A third of these will be diagnosed with dementia, depression or a cognitive impairment.
Within the next 20 years British men and women over 65 are expected to live 3.6 years and 2.9 years longer than older Britons now.
However there will also be a massive expansion in the number of people suffering from multiple diseases, known as multi-morbidity.
Men will live on average of 18.6 years and women 21.2 years past their 65th birthday.
But five-and-a-half years of the extra years in men and five years in women will be spent with multi-morbidity and two-thirds or more of the gain in life expectancy will be spent with four or more diseases.
And Britons under 65 who are overweight or obese and do little exercise are a ticking time bomb and the increased illnesses poses a challenge to the NHS and social care, Newcastle University’s Institute for Ageing warned.
Professor of Epidemiology of Ageing Carol Jagger explained: “Healthcare delivery was built, and generally remains centred, on the treatment of single diseases.
“Over the last decade, the growing number of older people aged 65 years and over has become a considerable challenge to health and social care service provision and funding, as over 50 per cent have at least two chronic conditions – multi-morbidity.
“Moreover numbers of the very old, aged 85 years and over, are set to double over the next 20 years, with multi-morbidity the norm in this age group.
“Multi-morbidity increases the likelihood of hospital admission, length of stay and readmission, raises healthcare costs, reduces quality of life, and increases dependency, polypharmacy and mortality.
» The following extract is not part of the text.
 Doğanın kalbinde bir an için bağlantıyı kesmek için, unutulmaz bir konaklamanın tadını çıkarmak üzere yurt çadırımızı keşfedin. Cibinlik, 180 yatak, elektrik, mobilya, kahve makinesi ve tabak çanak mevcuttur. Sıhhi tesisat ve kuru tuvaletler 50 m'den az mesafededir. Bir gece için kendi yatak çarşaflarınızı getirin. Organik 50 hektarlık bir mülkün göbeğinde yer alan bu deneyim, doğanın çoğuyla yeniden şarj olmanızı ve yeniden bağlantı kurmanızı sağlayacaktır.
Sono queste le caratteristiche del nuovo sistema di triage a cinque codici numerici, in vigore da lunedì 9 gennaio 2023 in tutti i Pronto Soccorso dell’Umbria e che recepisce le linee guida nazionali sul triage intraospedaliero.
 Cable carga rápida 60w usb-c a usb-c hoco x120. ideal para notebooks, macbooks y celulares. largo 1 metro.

“In addition to multi-morbidity, many of the very old have sensory impairment and incontinence, making a single disease-focused model of healthcare unsuitable.
“Poor health behaviours such as obesity and physical inactivity are risk factors common to a number of diseases, but have received little attention as risk factors for multi-morbidity
“Younger cohorts have a higher prevalence of obesity than their equivalents a generation ago, which may contribute to the increased prevalence of multi-morbidity in those under 65 years of age.”
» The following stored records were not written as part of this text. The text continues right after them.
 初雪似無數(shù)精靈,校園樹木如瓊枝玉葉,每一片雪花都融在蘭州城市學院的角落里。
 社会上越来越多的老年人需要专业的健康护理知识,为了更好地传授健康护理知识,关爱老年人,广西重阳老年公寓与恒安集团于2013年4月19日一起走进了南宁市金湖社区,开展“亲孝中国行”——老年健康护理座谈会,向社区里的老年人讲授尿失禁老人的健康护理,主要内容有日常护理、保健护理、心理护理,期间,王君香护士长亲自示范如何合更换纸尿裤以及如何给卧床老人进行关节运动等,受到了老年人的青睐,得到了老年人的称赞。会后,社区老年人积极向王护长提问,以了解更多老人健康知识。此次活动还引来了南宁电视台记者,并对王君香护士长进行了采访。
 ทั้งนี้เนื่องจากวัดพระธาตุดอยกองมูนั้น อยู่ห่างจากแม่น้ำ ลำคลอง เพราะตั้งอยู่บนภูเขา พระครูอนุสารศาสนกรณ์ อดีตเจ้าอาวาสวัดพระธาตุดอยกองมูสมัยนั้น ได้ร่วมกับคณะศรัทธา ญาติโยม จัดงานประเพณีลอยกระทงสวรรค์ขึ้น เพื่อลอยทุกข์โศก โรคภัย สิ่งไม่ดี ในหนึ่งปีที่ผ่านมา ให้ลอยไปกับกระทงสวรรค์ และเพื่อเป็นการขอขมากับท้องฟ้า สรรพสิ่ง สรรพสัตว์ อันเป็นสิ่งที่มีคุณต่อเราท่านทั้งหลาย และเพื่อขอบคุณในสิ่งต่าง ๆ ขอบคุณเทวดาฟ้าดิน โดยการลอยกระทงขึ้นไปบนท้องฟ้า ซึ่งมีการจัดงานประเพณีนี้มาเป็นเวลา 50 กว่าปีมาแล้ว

So the new study looked at how key long-term conditions and multi-morbidity will evolve between 2015 and 2035 in the over 65s in England.
It used a new dynamic microsimulation model, Population Ageing and Care Simulation (PACSim).
It stimulates the survival and characteristics for example disease and associated risk factors of a set of real individuals over 35 as they age over time, to estimate future prevalence, incidence, and life and health expectancies.
It found over the next 20 years the largest increase in diagnoses will be cancer up by 179.4 per cent and diabetes up by 118.1 per cent in the older population, whilst arthritis and cancer will see the greatest rise in prevalence of 14 and 15.1 percentage points respectively.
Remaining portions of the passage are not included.